Slipped Disc Records
- Company type: Music retailer
- Founded: 1982, closed 2008
- Headquarters: Valley Stream, New York, United States
- Owner: Mike Schutzman
- Website: slippeddiscrecords.com

= Slipped Disc Records =

Slipped Disc Records (which closed in 2008) was an American record store located in Valley Stream, New York, on Rockaway Avenue – owned/operated by Mr. Mike Schutzman – and was one of Long Island's longest running record stores. Specializing in heavy metal, punk, and hardcore CDs, records, DVDs, shirts, posters, pins, books, and other accessories, the store had also featured in-store autograph signing sessions with some of rock's biggest acts over the years. The store was featured in the documentary Get Thrashed, and an official website was launched for online shopping.
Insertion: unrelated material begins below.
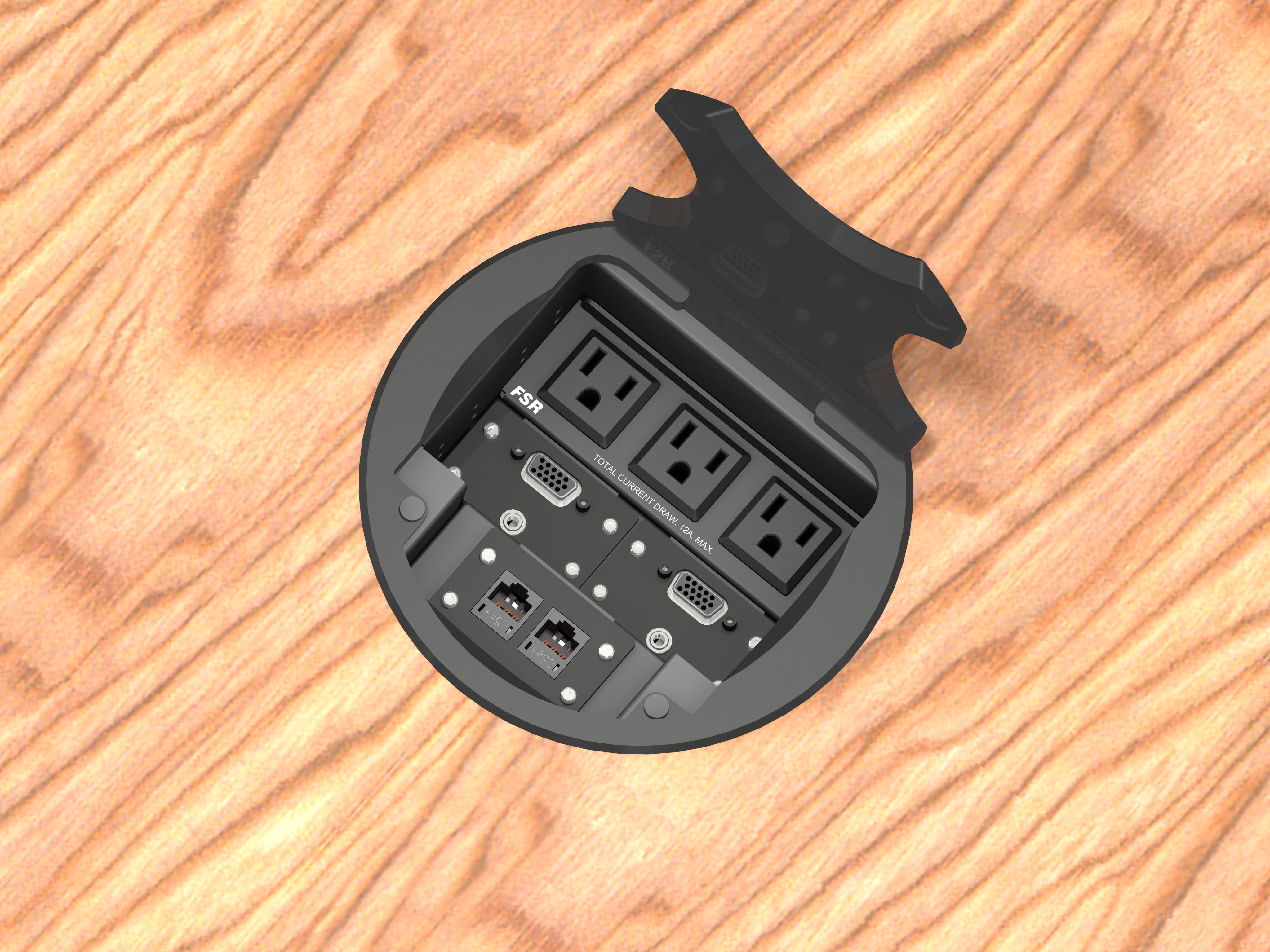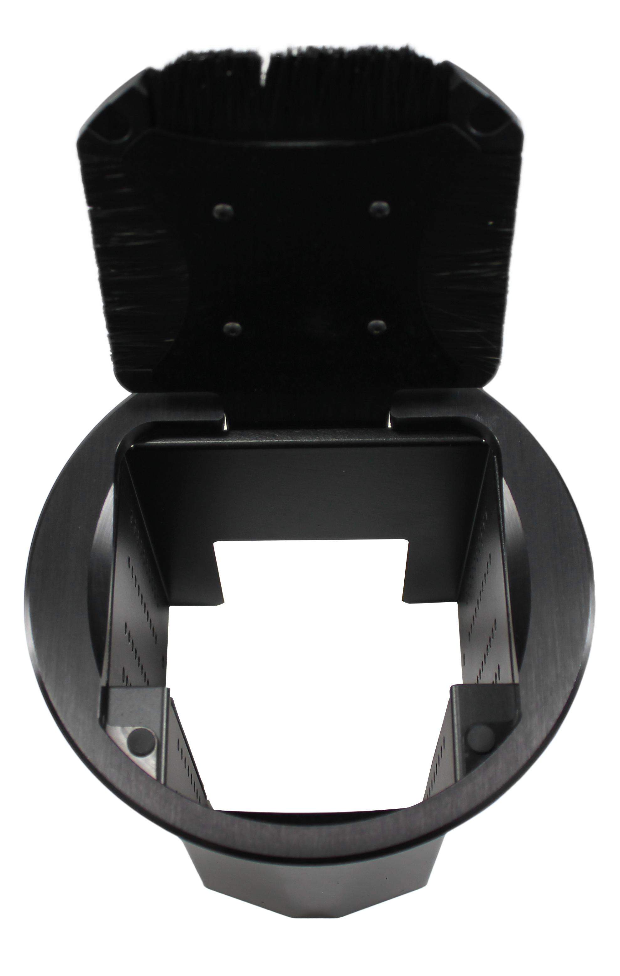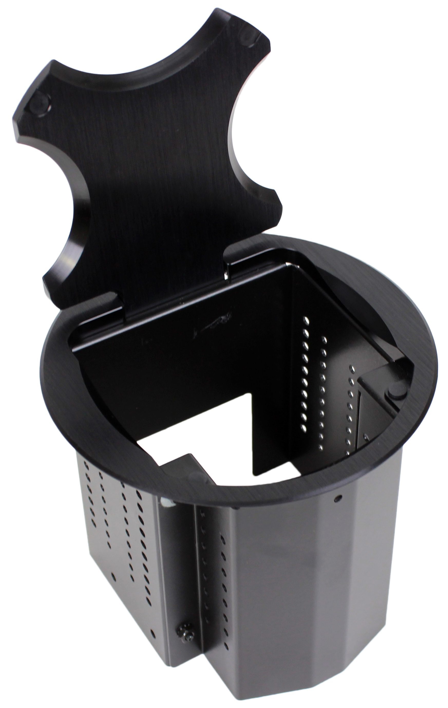 A multi-tiered, plate-stacking arrangement and overall depth adjustment. The cover can be closed while in use with cables exiting through the milled openings. Your choice of AC power cords or hardwired versions. Round covers with a finish of black anodized.
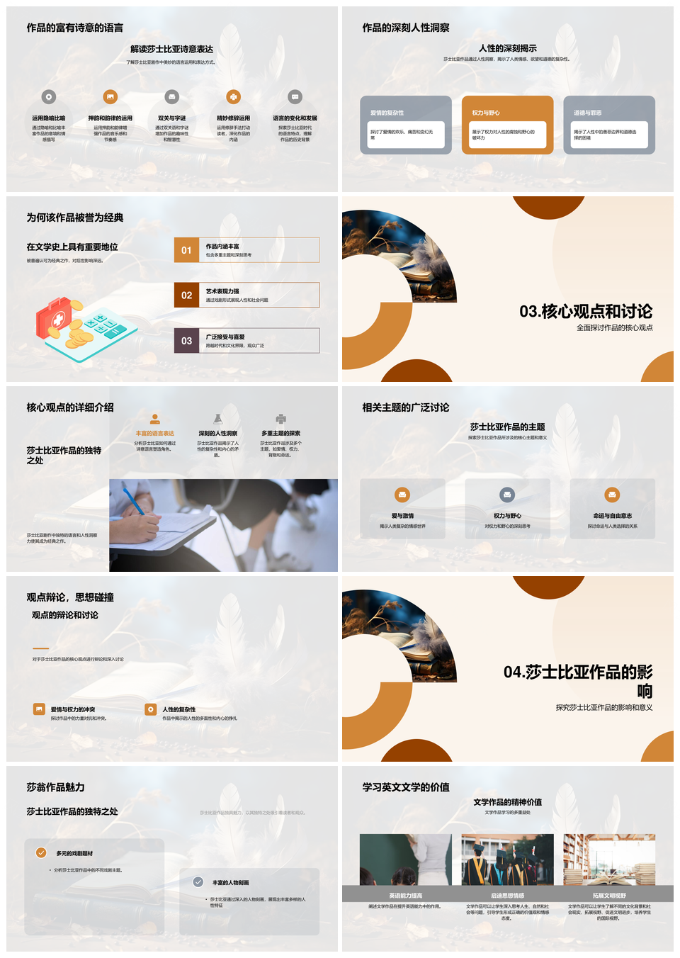 风云办公提供的莎士比亚经典剧作诗意语言人性洞察PPT模板,下载格式为pptx,一共23页,作品中文字及图均可以修改和编辑,图片更改请在作品中右键图片并更换,文字修改请直接点击文字进行修改。

Sip This (a coffee house) is now located where Slipped Disc Records used to be.

==History==
Slipped Disc Records opened in 1982, and according to an article in Metal Edge magazine, Schutzman reflected upon the store's early days, "There weren't many stores then that were specializing in metal, hardcore, and punk. We hit it at the right time, even though people told us it wasn't a good time." The store flourished by selling a wide variety of domestic and hard-to-find import albums and accessories as well as a large catalogue of used CD's and albums. Sadly, Slipped Disc closed its doors on April 19, 2008, after being open for over 25 years. Schutzman is still known to sell vinyl at record shows that cater to collectors and enthusiasts. Dream Theater drummer and veteran Slipped Disc shopper Mike Portnoy had some nice words and memories to say about the store in a posting at the Blabbermouth site the same day it closed. As of 2015, Schutzman organizes and oversees an ongoing record show in various locations in the northeast of the U.S., called Vinyl Revolution Record Show.

==Other information==
- Some bands/artists that have done autograph signings at Slipped Disc include Mick Taylor (9 June 1990), Metallica, Slayer, Megadeth, Motörhead, Twisted Sister, Rob Halford, Ronnie James Dio, Zakk Wylde, Sepultura, and Merciless Death among others. Vintage pictures from autograph signing sessions can be viewed online at the official Slipped Disc site.
- On February 17, 2007, a 20-second commercial for Slipped Disc was aired four times on Headbangers Ball.
- A theater used to be located across the street from Slipped Disc, the Rio Theater, which featured performances in the early-mid 1980s by Slayer, Metallica, and Alcatrazz (with Yngwie Malmsteen), among others. It has since been demolished.
- Schutzman was interviewed for (and featured throughout) the 2015 book, Survival of the Fittest: Heavy Metal in the 1990s, by author Greg Prato.